### PROBLEM TO WORK ON
Reproduce the lines of the material exactly, excluding every image.

### GIVEN ENTRIES
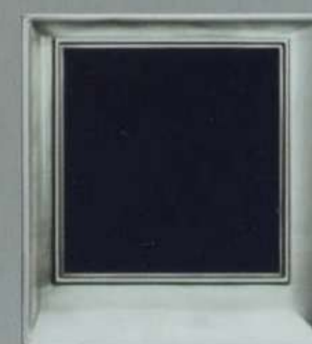
DARK BLUE PEARL*

For there are always new dreams to pursue. Walls to scale. Goals to achieve. Finish lines to cross. And when there isn't a way, you'll simply make your own. Life's calling. Where to next?
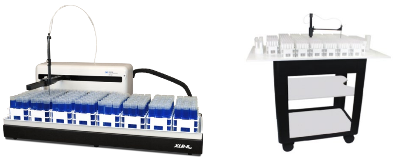
High capacity autosamplers from Cetac Technologies and Elemental Scientific
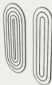
Hanging Acoustic A (includes Aluminium channel and two suspension kits)
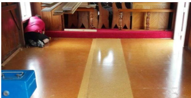
Particleboard floor that was replaced
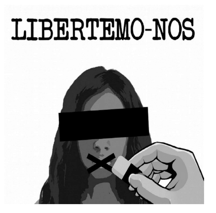
Figure 2 Melina Bassoli, Libertemo-nos, 2 018.

Thus, this zine demonstrates how it can go beyond the usual formal structures to add meaning.
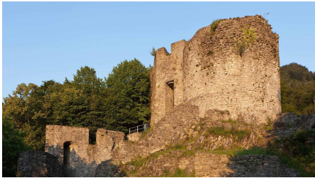
Tourismus-Organisation Interlaken, Interlaken Tourismus - web@interlaketourism.ch
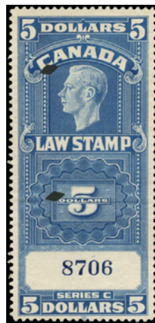
FSC26b - $5 dark blue, off-white paper. usual fold IT61#10 $50 (±US$40)
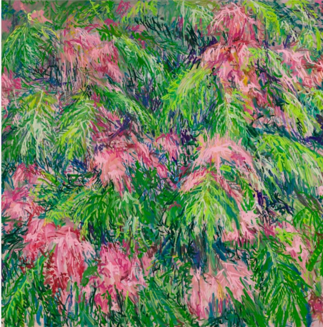
Mimosa tree 2020 160 x 160 cm Oil on canvas
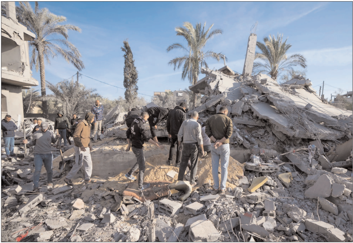
GAZA: Palestinians looking at a home destroyed by an Israeli attack in Deir el-Balah.
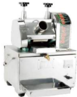
■ Battery Sugarcane Juice Extractor DQ-HD300TD
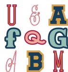
Extreme Fonts Cartridge
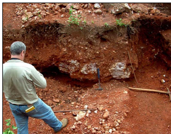
LEGEND TEAM AT ARTISANAL WORKINGS AT TAPARE
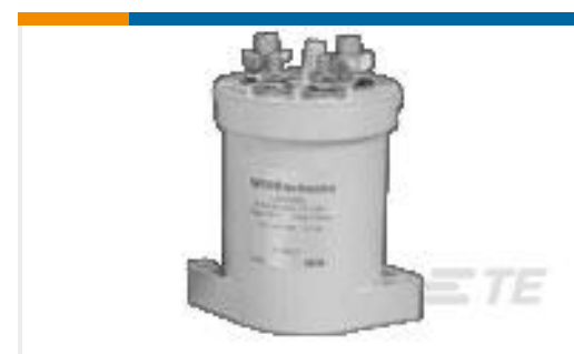
TE Part #5-1618388-4 LEV200A4ANF=RELAY, SPST-NO
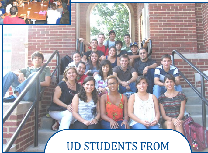
UD STUDENTS FROM PUERTO RICO
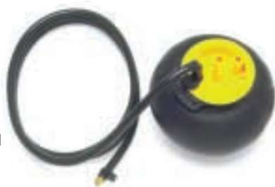
Suitable for blocking off or air testing pipes of 3½ to 6in; 89 to 150mm diameter. Tough rigid plastic central mandrel has inflatable replaceable collar secured by 2 clips. Central nipple is for connection to U Gauge. Reverse end of plug has removable stopper for an air test. Replace stopper and use as a drain plug for blanking off pipes. Equipped with Schrader valve inflation hose. Maximum inflation pressure 12psi 0.86 bar. Ideal for use with 174Z Air testing kit. Use with pump 1308Q see below
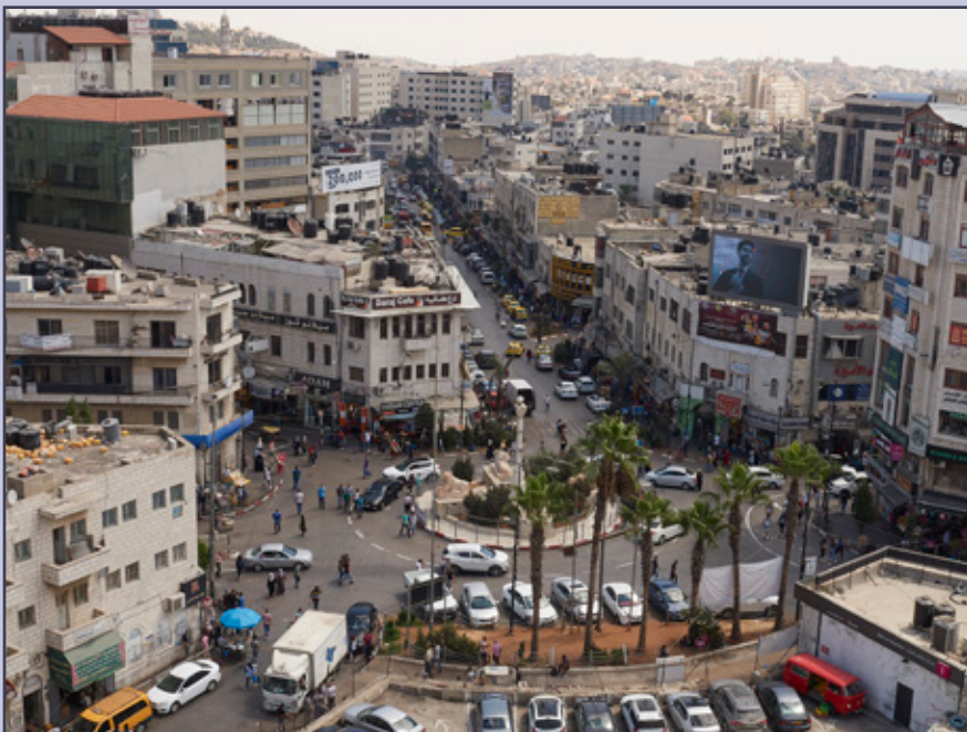
The Ramallah city center.

The Learning Support program at RFS has adopted an inclusive philosophy from its beginning. Inclusion is a value that supports the rights of children, regardless of their diverse abilities, to participate actively and naturally with others. Our school is proud to celebrate diversity by the inclusion of around one hundred students within the overall school community, students whose differences range from physical difficulties such as palsy, visual impairment, hearing impairment, to general learning difficulties, specific learning difficulties (dyslexia, dyspraxia), ADHD, autistim spectrum disorders, Kabuki syndrome, and Down Syndrome.
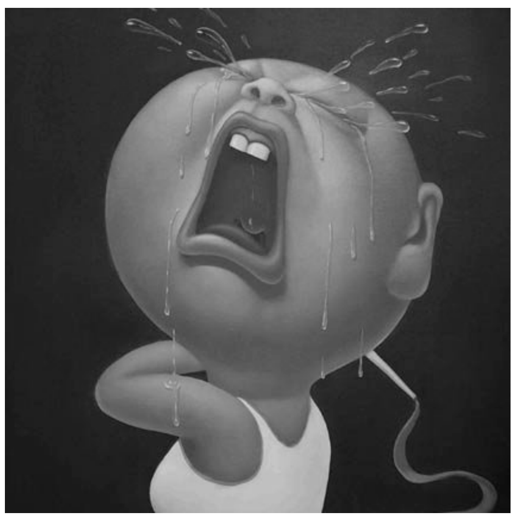
AFTER YIN JUN. 2009
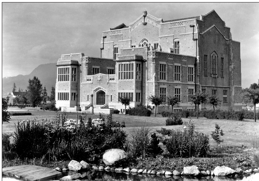
Figure 5. University of British Columbia, Main Library, 1932. Photographer, Philip Timms. UBC Archives, 1.1/1727.

per cent) of the 13,798 titles in the Shaw List. 63 The Globe skipped over the rationale for undergraduate reading entirely by highlighting Toronto's $15,000 grant as a way to free up space for advanced students and professors in the main library. 64
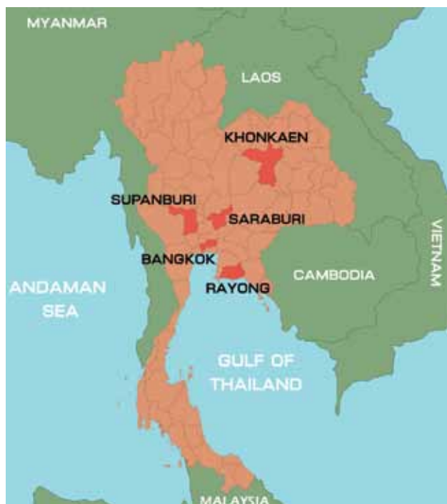
Figure 1. Location of sample collection sites during outbreak of hand, foot, and mouth disease, Thailand, January–October 2012.

During January–October 2012, a total of 847 samples were collected from 825 patients with suspected cases. Among those 825 patients, the diagnosis was HFMD for 672 (81.4%) and herpangina for 153 (18.6%). Patients' ages ranged from 1 month to 38 years. The samples were collected from hospitalized patients and outpatients who had a clinical diagnosis of HFMD or herpangina and who came from different parts of Thailand: Bangkok, 566 cases; Khonkaen, 252 cases; Suphanburi, 4 cases; and Saraburi, Rayong, and Chantaburi, 1 case each (Figure 1). Of the 847 samples, 695 were rectal swabs, 73 fecal, 39 throat swabs, 20 serum, 9 vesicle fluid, 7 nasal swabs, 3 cerebrospinal fluid, and 1 saliva. All samples, other than stool samples, were collected in virus transport media modified according to recommendations by the World Health Organization (12). Fecal samples were diluted 1:10 with phosphate-buffered saline and centrifuged, and the supernatant was collected for testing. Viral RNA was extracted from 200- \mu L samples

### FINISHED TASK
DARK BLUE PEARL*

For there are always new dreams to pursue. Walls to scale. Goals to achieve. Finish lines to cross. And when there isn't a way, you'll simply make your own. Life's calling. Where to next?
High capacity autosamplers from Cetac Technologies and Elemental Scientific
Hanging Acoustic A (includes Aluminium channel and two suspension kits)
Particleboard floor that was replaced
Figure 2 Melina Bassoli, Libertemo-nos, 2 018.

Thus, this zine demonstrates how it can go beyond the usual formal structures to add meaning.
Tourismus-Organisation Interlaken, Interlaken Tourismus - web@interlaketourism.ch
FSC26b - $5 dark blue, off-white paper. usual fold IT61#10 $50 (±US$40)
Mimosa tree 2020 160 x 160 cm Oil on canvas
GAZA: Palestinians looking at a home destroyed by an Israeli attack in Deir el-Balah.
■ Battery Sugarcane Juice Extractor DQ-HD300TD
Extreme Fonts Cartridge
LEGEND TEAM AT ARTISANAL WORKINGS AT TAPARE
TE Part #5-1618388-4 LEV200A4ANF=RELAY, SPST-NO
UD STUDENTS FROM PUERTO RICO
Suitable for blocking off or air testing pipes of 3½ to 6in; 89 to 150mm diameter. Tough rigid plastic central mandrel has inflatable replaceable collar secured by 2 clips. Central nipple is for connection to U Gauge. Reverse end of plug has removable stopper for an air test. Replace stopper and use as a drain plug for blanking off pipes. Equipped with Schrader valve inflation hose. Maximum inflation pressure 12psi 0.86 bar. Ideal for use with 174Z Air testing kit. Use with pump 1308Q see below
The Ramallah city center.

The Learning Support program at RFS has adopted an inclusive philosophy from its beginning. Inclusion is a value that supports the rights of children, regardless of their diverse abilities, to participate actively and naturally with others. Our school is proud to celebrate diversity by the inclusion of around one hundred students within the overall school community, students whose differences range from physical difficulties such as palsy, visual impairment, hearing impairment, to general learning difficulties, specific learning difficulties (dyslexia, dyspraxia), ADHD, autistim spectrum disorders, Kabuki syndrome, and Down Syndrome.
AFTER YIN JUN. 2009
Figure 5. University of British Columbia, Main Library, 1932. Photographer, Philip Timms. UBC Archives, 1.1/1727.

per cent) of the 13,798 titles in the Shaw List. 63 The Globe skipped over the rationale for undergraduate reading entirely by highlighting Toronto's $15,000 grant as a way to free up space for advanced students and professors in the main library. 64
Figure 1. Location of sample collection sites during outbreak of hand, foot, and mouth disease, Thailand, January–October 2012.

During January–October 2012, a total of 847 samples were collected from 825 patients with suspected cases. Among those 825 patients, the diagnosis was HFMD for 672 (81.4%) and herpangina for 153 (18.6%). Patients' ages ranged from 1 month to 38 years. The samples were collected from hospitalized patients and outpatients who had a clinical diagnosis of HFMD or herpangina and who came from different parts of Thailand: Bangkok, 566 cases; Khonkaen, 252 cases; Suphanburi, 4 cases; and Saraburi, Rayong, and Chantaburi, 1 case each (Figure 1). Of the 847 samples, 695 were rectal swabs, 73 fecal, 39 throat swabs, 20 serum, 9 vesicle fluid, 7 nasal swabs, 3 cerebrospinal fluid, and 1 saliva. All samples, other than stool samples, were collected in virus transport media modified according to recommendations by the World Health Organization (12). Fecal samples were diluted 1:10 with phosphate-buffered saline and centrifuged, and the supernatant was collected for testing. Viral RNA was extracted from 200- \mu L samples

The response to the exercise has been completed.